True, a videocassette recorder can do the same thing. But programming a VCR and taping a show can be cumbersome and time-consuming. Seven out of 10 owners use VCRs to play recorded tapes (such as rented movies) rather than to record television programs to watch later, according to the Consumer Electronics Association. The joke of the "blinking 12:00" -- a sign that viewers never learned how to program their VCRs -- turned out to be true.

But with DVRs, viewers can, at the touch of a few buttons, record all of their favorite shows for an entire season, all of which are stored neatly on a hard drive inside the recorder.

Given the opportunity to easily record shows, people wind up watching more of the most popular television programs. Overall television viewing in households that own DVRs increases after their purchase, according to a number of surveys. That means those viewers are exposed to more advertising.

This fall, ABC is moving one of its most popular shows, "Grey's Anatomy," to Thursday nights, opposite CBS's most popular show, "CSI." Poltrack expects viewers with DVRs to watch both shows instead of having to choose between the two or spend the time and effort remembering to program VCRs and put in tapes.

It also turns out that DVRs are not killing live viewing or shuffling the weekly prime-time schedule, at least not yet. From Sunday to Friday, 84 percent of all prime-time television viewing in DVR households is live, according to Nielsen Media Research. According to the same data, 61 percent of all prime-time programming recorded by DVRs is watched on the same days it airs.

And in more good news for the networks, even though there are only six major broadcast networks compared with hundreds of cable channels, 77 percent of the shows recorded by DVRs air on a network such as ABC or Fox, rather than a cable channel such as ESPN or TNT, Nielsen reported.

The networks think they can make more advertising money if they can figure out how to get past one other statistic, and it's a troubling one: Ninety percent of DVR owners say they fast-forward past some or all commercials, CBS data show.

But new information about how DVR users interact with commercials raises questions about that statistic.

A March survey by Millward Brown marketing researchers found that 42 percent of non-DVR owners recalled specific brands in commercials they had seen, such as Ford or Taco Bell. For DVR owners, the number was 43 percent.

There are several possible explanations for differences between what people say and what they do when it comes to commercials. Poltrack said it's smiled upon socially to say that you don't watch commercials. Also, people tend to remember action -- fast-forwarding -- better than inaction, or not fast-forwarding. Further, it's almost impossible to not catch at least some of a commercial block when trying to zip through it. With that in mind, advertisers now make commercials that keep the company logo on screen for the entire ad, for example. Advertisers call it a "logo burst."

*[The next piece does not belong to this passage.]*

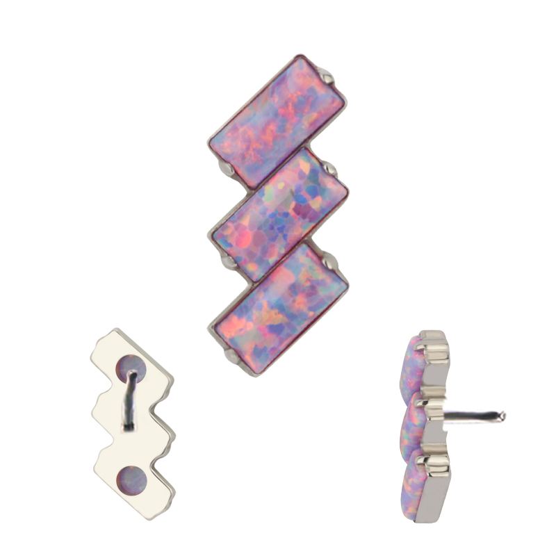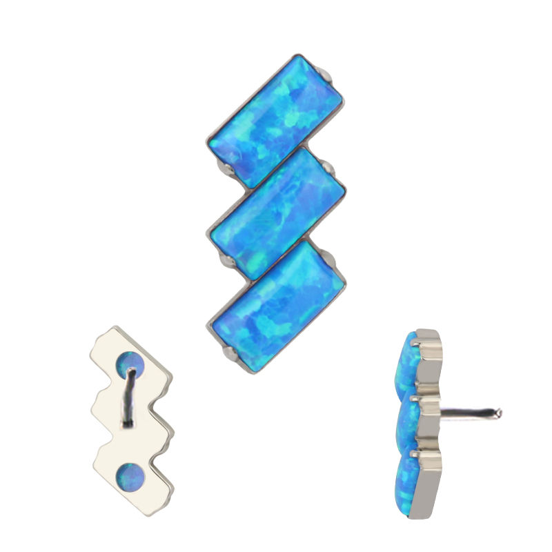 Titanium Push In 3 Bezel Set Rectangles Opal Stone Threadless Top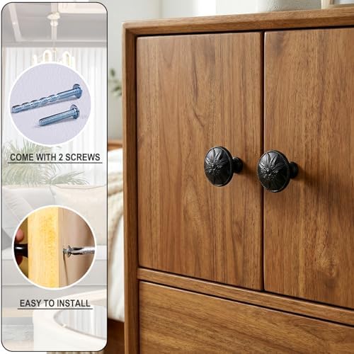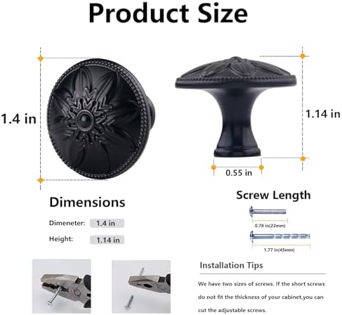 Sophisticated Matte Black Finish & Versatile Style:With a durable matte black electroplated finish, these knobs blend seamlessly into industrial, rustic farmhouse, or antique-style cabinets, drawers, and closet doors, offering understated elegance. Dual-Screw Flexibility for Multi-Scenario Use:Includes 22mm & 45mm M4 screws (break-away design) for cabinets of varying thickness, from black kitchen cabinets to antique black dresser drawers, ensuring hassle-free installation. Robust Zinc Alloy & Anti-Fade Craftsmanship:Crafted from solid zinc alloy with fade-resistant matte black plating, these knobs resist oxidation and fingerprints, ideal for humid bathrooms and busy kitchens. Timeless Upgrade for Rustic & Modern Spaces:Elevate rustic black cabinet pulls, industrial black drawer knobs, or modern kitchen hardware with this timeless matte black knob, designed for versatility in closets, desks, and more.

More DVR-inspired creativity is at work.

In May, General Electric Co. began showing commercials touting the environmental benefits of some of its heavy industrial products, such as jet engines and diesel locomotives. One 30-second spot featured an elephant dancing in a jungle to "Singin' in the Rain," as other animals look on. Viewers with DVRs were shown how to pause the commercial at certain moments. When they did, up popped whimsical, fictional biographical information about the animals. Gamers call such hidden content "Easter eggs." GE calls the project "One-Second Theater," and it is designed to nudge DVR owners to spend more, rather than less, time with commercials.

It worked, according to GE's research. Viewers spent a little more than two minutes watching and reading the 30-second spots, said GE's Jonathan Klein, marketing communications leader.

So instead of DVR users never seeing the GE spot, as advertisers and networks have feared, "viewers ended up spending over two minutes with the GE brand in front of them," Klein said.